March 24 (Reuters) - European banking stocks fell sharply on Friday, with Deutsche Bank and UBS knocked by worries that actions by regulators and central banks have not yet contained the worst problems to face the sector since the 2008 global financial crisis.
Financial market stress indicators were also again flashing warning signs more widely, with the euro falling against the dollar and bond yields sinking.
Deutsche Bank (DBKGn.DE) shares fell for a third day, dropping more than 12% after a sharp jump in the cost of insuring its bonds against the risk of default.
Shares in Germany's largest bank have lost a fifth of their value so far this month and the cost of its 5-year credit default swaps (CDS) - a form of insurance for bondholders - jumped to a four-year high on Friday, based on data from S&P Market Intelligence.
"Deutsche Bank has been in the spotlight for a while now, in a similar way to how Credit Suisse had been," said Stuart Cole, head macro economist at Equiti Capital.
"It has gone through various restructurings and changes of leadership in attempts to get it back on a solid footing but so far none of these efforts appear to have really worked."
Deutsche Bank declined to comment.
The pain was spread across the sector, with the index of top European banks (.SX7P) falling 5.1% and British banks (.FTNMX301010) losing 4%, down for a third straight session.
"We are still on edge waiting for another domino to fall, and Deutsche is clearly the next one on everyone's minds (fairly or unfairly), said Chris Beauchamp, chief market analyst at IG.
The fresh falls in Europe came as investors were looking to see how far U.S. authorities would go to shore up the banking sector, particularly fragile regional lenders.
U.S. Treasury Secretary Janet Yellen told lawmakers on Thursday that bank regulators and the Treasury were prepared to make comprehensive deposit guarantees at other banks, as they did at failed Silicon Valley Bank (SVB) and Signature Bank (SBNY.O).
Shares of major U.S. banks JPMorgan Chase & Co (JPM.N), Wells Fargo (WFC.N) and Bank of America (BAC.N) fell more than 2% in premarket trade on Friday.
Regional lenders, the focus of the strongest investor concerns, also declined, with First Republic Bank (FRC.N), PacWest Bancorp (PACW.O), Western Alliance Bancorp (WAL.N) and Truist Financial Corp (TFC.N) falling between 2% and 5%.
"Underlying sentiment is still cautious and in this environment no one wants to go into the weekend risk-on," said Nordea chief analyst Jan von Gerich.
UBS CHALLENGES
The global banking sector has been rocked since the sudden collapse this month of SVB and Signature Bank.
Policymakers have stressed the turmoil is different from the global financial crisis 15 years ago, saying banks are better capitalised and funds more easily available.
But the worries spread quickly, and on Sunday UBS (UBSG.S) was rushed into taking over Swiss rival Credit Suisse (CSGN.S) after it lost the confidence of investors.

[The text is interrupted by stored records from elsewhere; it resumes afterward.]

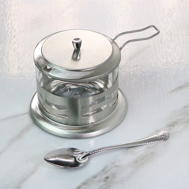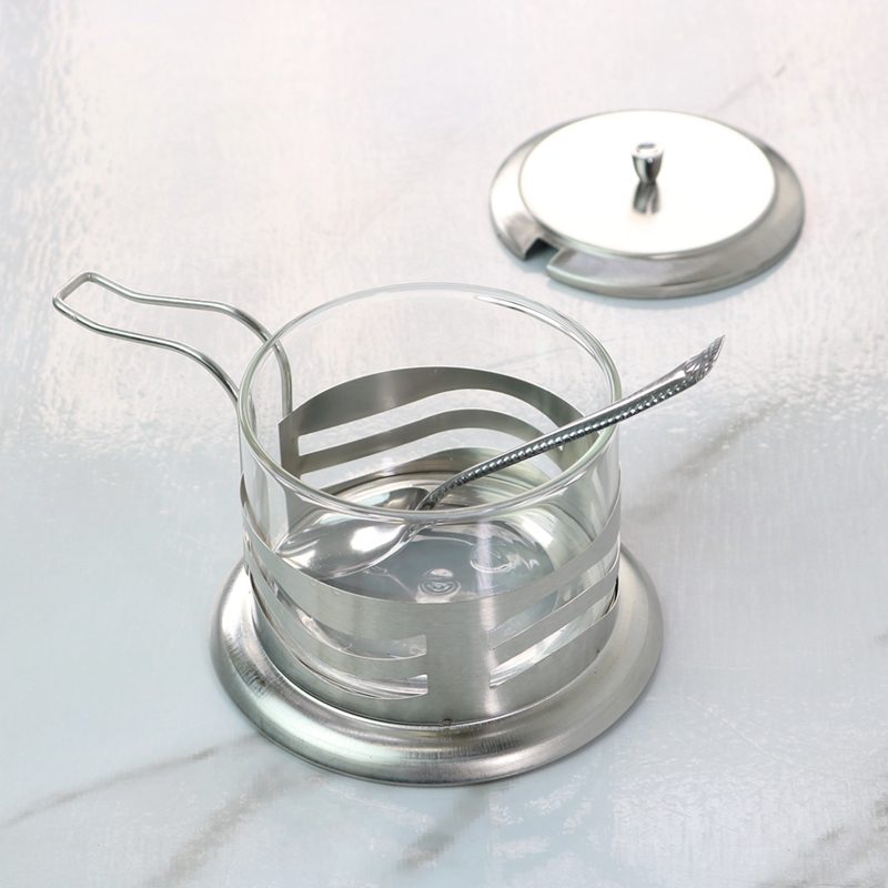 - Material: Vidro + Aço Inox + colher em inox
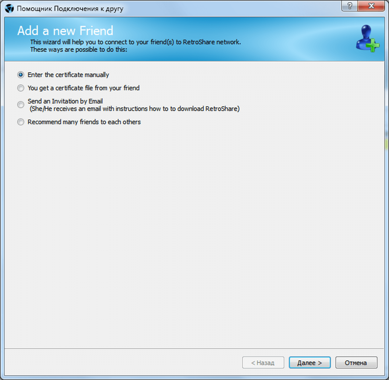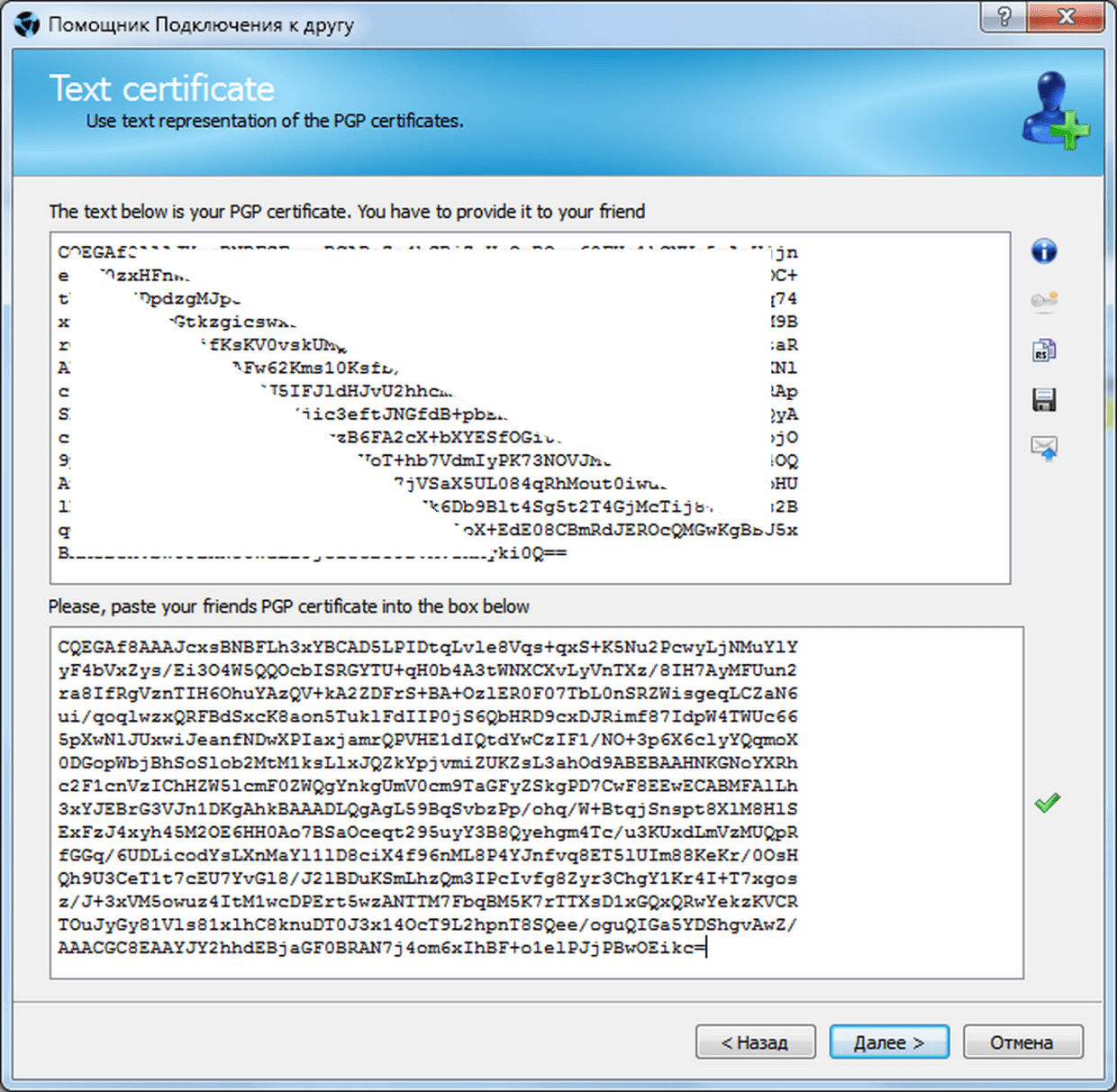 Копируем предоставленный сертификат в буфер обмена, переходим к программе и жмём кнопку, вызывающую помощника добавления друзей (кнопка Add вверху слева).
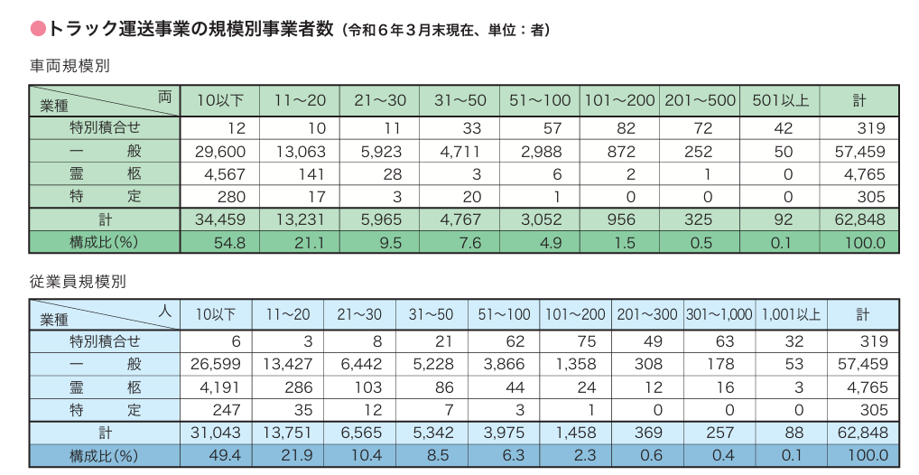30両以下のトラック事業者が85%を占めています。
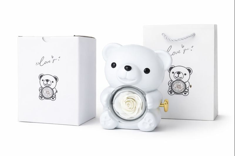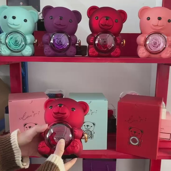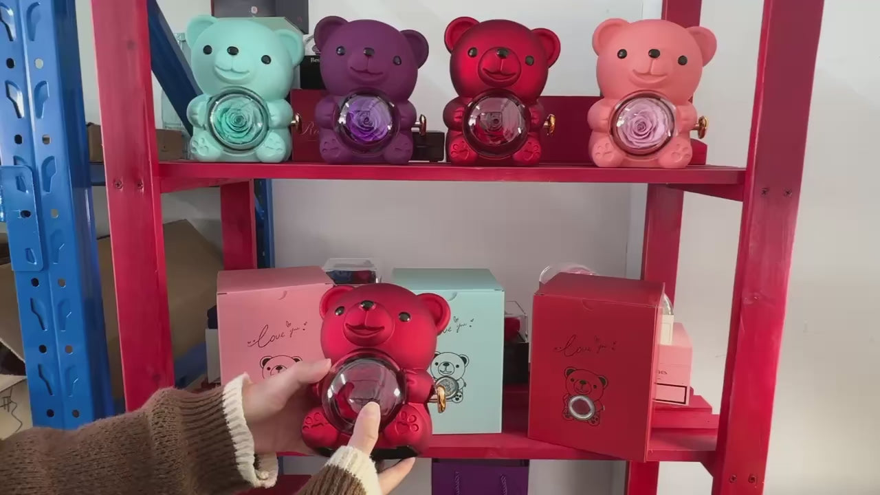🧸 Obrotowe Pudełko na Biżuterię z Misiem i Różą
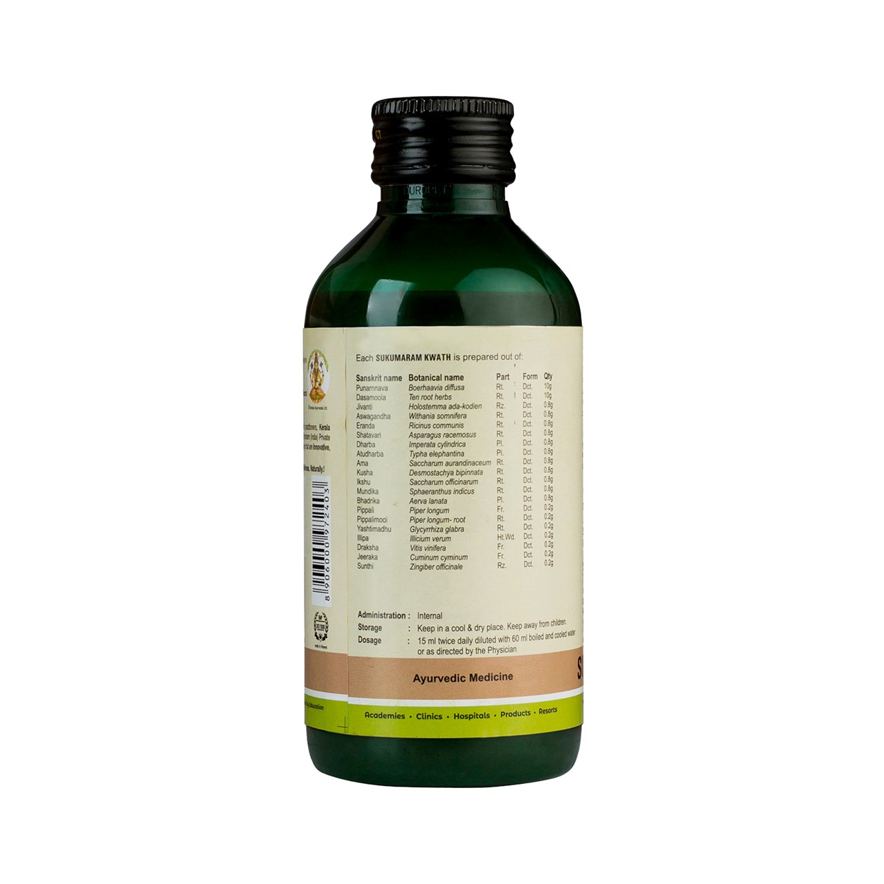Shake the bottle well. Add 15 ml of Sukumaram Kwath to 60 ml of lukewarm water, and mix. Drink this mixture twice daily before food or as directed by the physician.
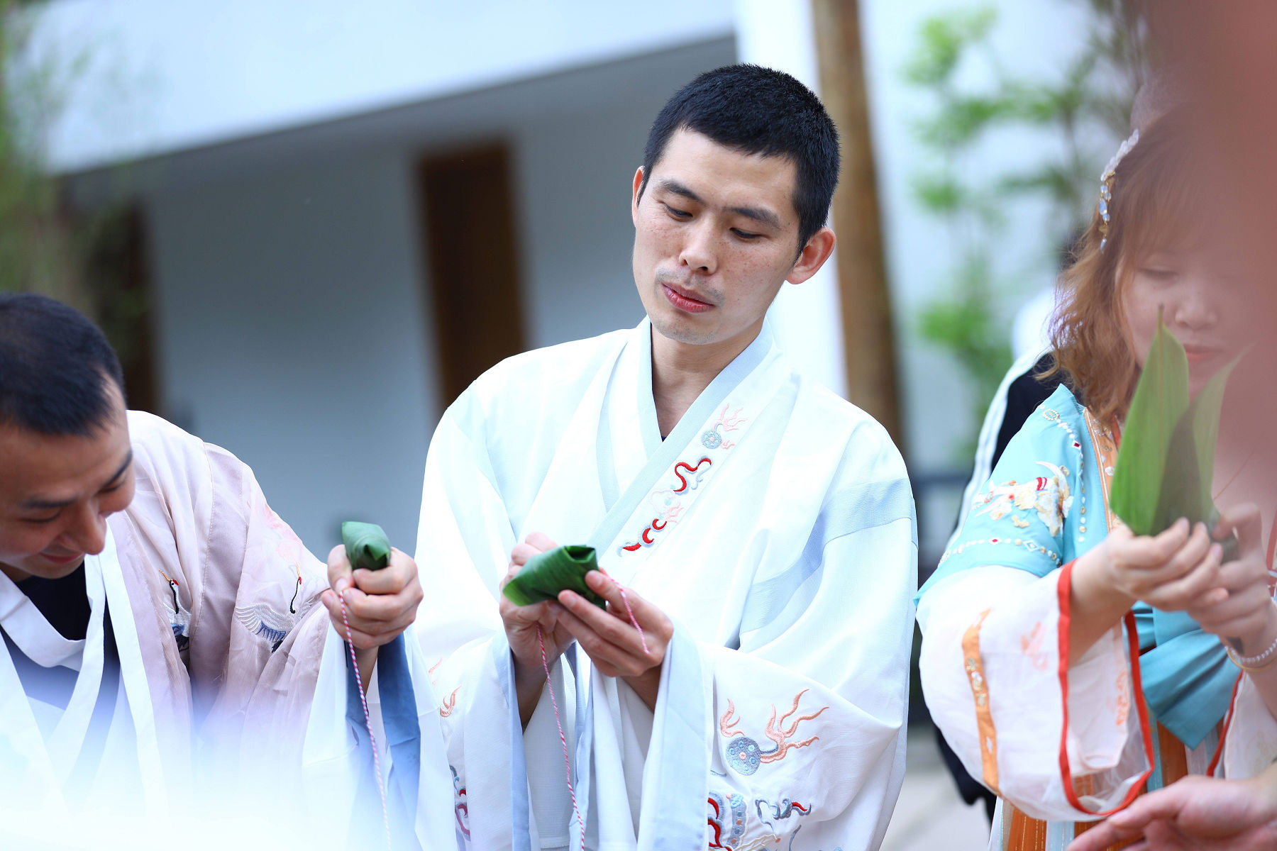 龍掛山景區(qū)是阜陽集團(tuán)下屬符陽文旅公司打造的的文 化休閑度假旅游目的地, 景區(qū)云霧如海, 美景如畫, 建筑獨 具傳統(tǒng)川南民宿特色。 活動中, 阜陽集團(tuán)員工身著漢服, 人 與自然情景交融、交相輝映,仿若穿越到了“狗吠深巷中、 雞鳴桑樹顛”的古代美好田園生活。在見禧 . 山語的院子里, 大家圍成一圈, 開展包粽子比賽。 員工們踴躍參加、 興致高 漲, 集團(tuán)總經(jīng)理任東財和員工們一起動手, 互相學(xué)習(xí)、 邊學(xué) 邊包、 比拼手藝, 包出了三角形、 長方形、 圓錐形等形態(tài)各 異的粽子,現(xiàn)場洋溢著歡樂的節(jié)日氣氛。
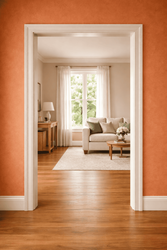 • The paint on the baseboard is chipped.
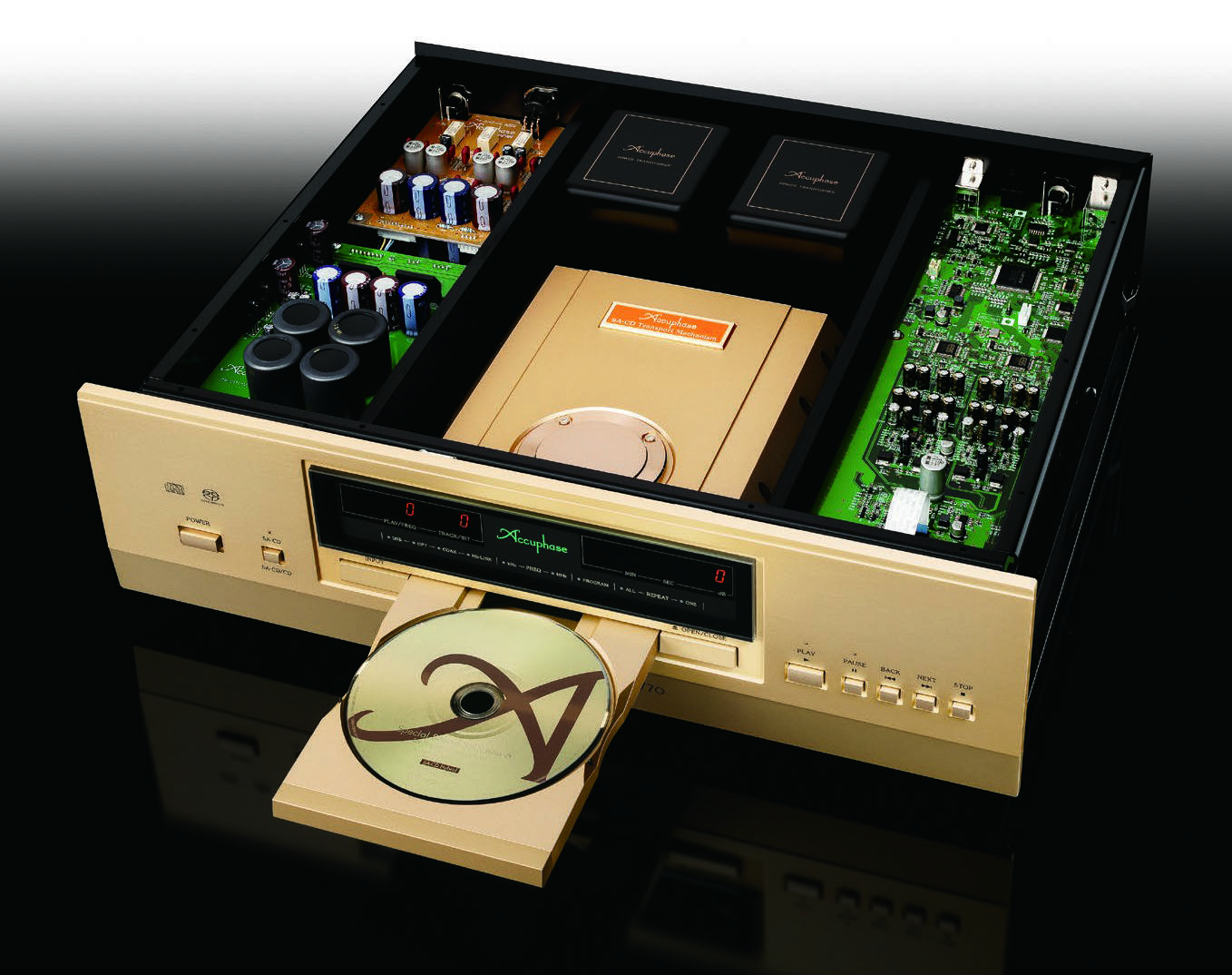 中间后方就是两只大变压器,有金属壳作屏蔽。前方就是雷射拾讯组合,是Accuphase独家的精密制作。现在还能自己制造雷射拾讯组合的厂家,买少见少了,而且似乎都是日本那几间,包括Esoteric和Accuphase。前者曾有一段时期也向其他HiEnd厂出售他们的拾讯组合,后来也停止了;Accuphase则从来没有向外出售过。因此,要CD/SACD机拥有这样精密设备的,只能求诸原厂了。
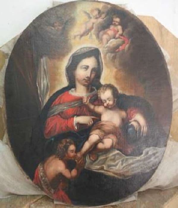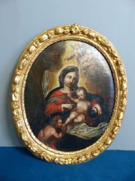 tableau et son cadre : Vierge à l'Enfant en présence de saint Jean-Baptiste

Swiss authorities and UBS are racing to close the takeover within as little as a month, according to two sources with knowledge of the plans.
Separate sources told Reuters that UBS has promised retention packages to Credit Suisse wealth management staff in Asia to stem a talent exodus.
Brokerage group Jefferies cut its recommendation on UBS stock to "hold" from "buy", saying the acquisition of its former rival would change an equity story based on a lower risk profile, organic growth and high capital returns.
"All these elements, which is what UBS shareholders bought into, are gone, likely for years," it said.
UBS shares were down 7% on Friday and its five-year CDS shot up 14 basis points.
AT1 BONDS
The rescue of Credit Suisse has also ignited broader worries about investors' exposure to a fragile banking sector. The decision to prioritise shareholders over Additional Tier 1 (AT1) bondholders rattled the $275 billion AT1 bond market.
These convertible bonds were designed to be invoked during rescues to prevent the costs of bailouts falling onto taxpayers.
As part of the deal with UBS, the Swiss regulator determined that Credit Suisse's AT1 bonds with a notional value of $17 billion would be wiped out, stunning global credit markets.
European banks' AT1 debt came under fresh selling pressure on Friday, with Deutsche Bank and UBS AT1s down around four and two cents in price, respectively, according to Tradeweb data.
Standard Chartered (STAN.L) Chief Executive Bill Winters said on Friday the wipeout of Credit Suisse bondholders had "profound" implications for global bank regulations.
"I think it had very profound implications for the regulation of banks, and for the way that banks manage themselves," Winters told a financial forum in Hong Kong.
He also said the U.S. Federal Reserve's move to guarantee non-insured deposits was a "moral hazard".
U.S. authorities had invoked "systemic risk exceptions" after the failures of SVB and Signature Bank that allowed them to protect uninsured deposits, including those of wealthy technology executives and cryptocurrency investors.